А командир полка смотрит на всех нас с каким-то странным выражением лица, то ли с изумлением, то ли с сожалением.
— Саша, — говорит комполка мне, — я же понимаю, что задача непростая. Сопровождение из истребителей ты получишь, без вопросов. И вообще, планируй операцию, как считаешь нужным. Но цель эту мы уничтожить обязаны.
— Есть, товарищ командир! — отвечаю, как и должно отвечать в таких ситуациях.
Только вот сопровождение из истребителей мне в этой операции совершенно не нужно — они нас только демаскируют, и тогда у нас точно шансов не останется. А я сам умирать не собираюсь и летчиков своих убивать не позволю.
— Разрешите обойтись без истребителей, товарищ командир полка, — говорю.
Комполка кивает — он человек с опытом, все понимает без лишних объяснений. Хотя, что тут объяснять — наши истребители в Афганистане, в отличие от штурмовиков, боевым опытом похвастаться не могут. У «духов» же нет авиации, поэтому наши истребители все больше исполняют устрашающие танцы вдоль границ, а боестолкновений при этом не бывает. Так что, кто там кого сборет в настоящем воздушном бою, американцы или наши, еще не факт. А ведь это будет бой при поддержке современной, чуждой нам американской ПВО. Без потерь точно не получится, и это тот риск, которого вполне можно избежать.
В общем, пошел я в кубрик планировать атаку.
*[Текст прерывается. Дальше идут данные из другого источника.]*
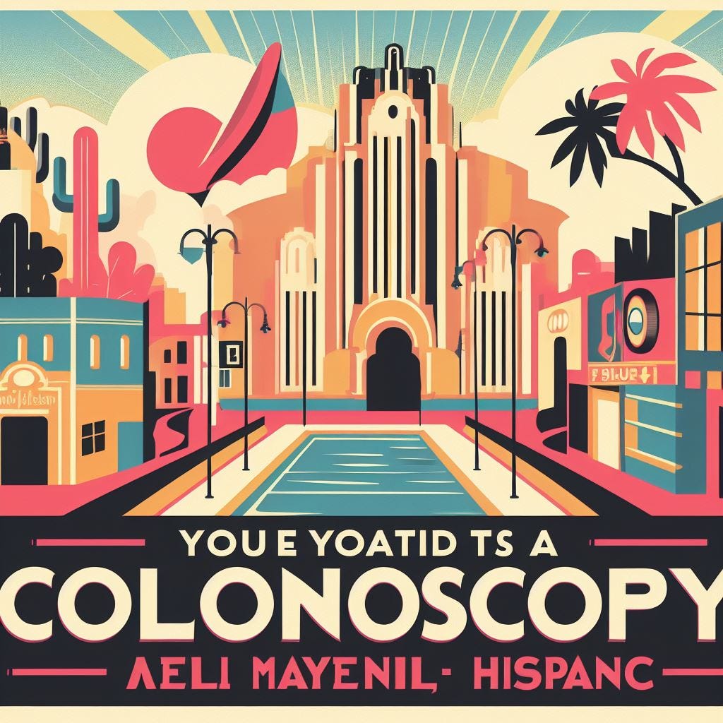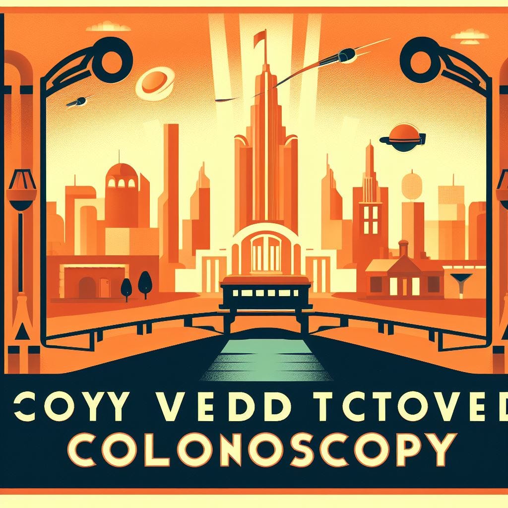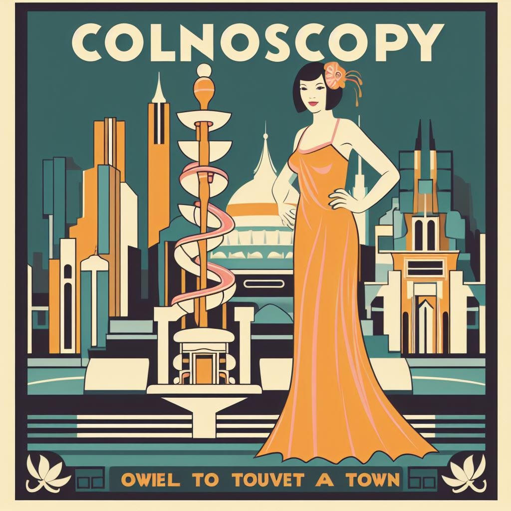 Prompt: “Create an art deco-style travel poster inviting people to visit a place called ‘Colonoscopy.’”

Очень важное мероприятие, между прочим, — тщательно спланировать предстоящую операцию. Это вообще самое важное действие, которое только может сделать штурмовик перед атакой. Когда ты уже висишь над целью, работать должны только навыки, наработанные инстинкты, а весь план атаки должен быть заложен в голову заранее. И в этом плане надо учесть все существенное — откуда на цель заходить, куда возвращаться, каким маневром защищаться от ПВО, а каким от «Стингеров», с каких боеприпасов начинать атаку, а какими заканчивать. Тут все важно и все существенно.
Сел я в кубрике и начал карту гипнотизировать.
В принципе, ситуация понятная — днем, на предельно малой высоте, чтоб радары не засекли, к границе с Пакистаном лететь нельзя, потому что у душманов в горах всюду наблюдатели расставлены. В момент срисуют, кто летит, потом куда надо доложат, и нас через пару минут американские «Фантомы» встретят.
Ночью тоже лететь не стоит, потому что у Су-25 вообще нет никаких радаров и в темноте нам низко летать очень неудобно. А пойдем выше стандартного эшелона, собьют ракетой ПВО.
Но на цель звено мне предстоит выводить, и я должен как-то решить эту проблему, хоть бы и в темноте и над горами.
Вывод из всех рассуждений был один, очевидный, — лететь можно только на границе ночи и дня, когда наблюдатели, по большей части, спят, а немного света для полета над горами на сверхмалой высоте уже имеется.
Можно считать, что нам повезло, а я вот до сих пор думаю, что просто грамотно спланировал ту самую операцию. Там ведь еще один момент важный был — как мне, как наводчику, надо было найти для всего звена привязку к цели на местности. И я такую привязку нашел — сначала на карте, потом в реальности, за фонарем кабины штурмовика.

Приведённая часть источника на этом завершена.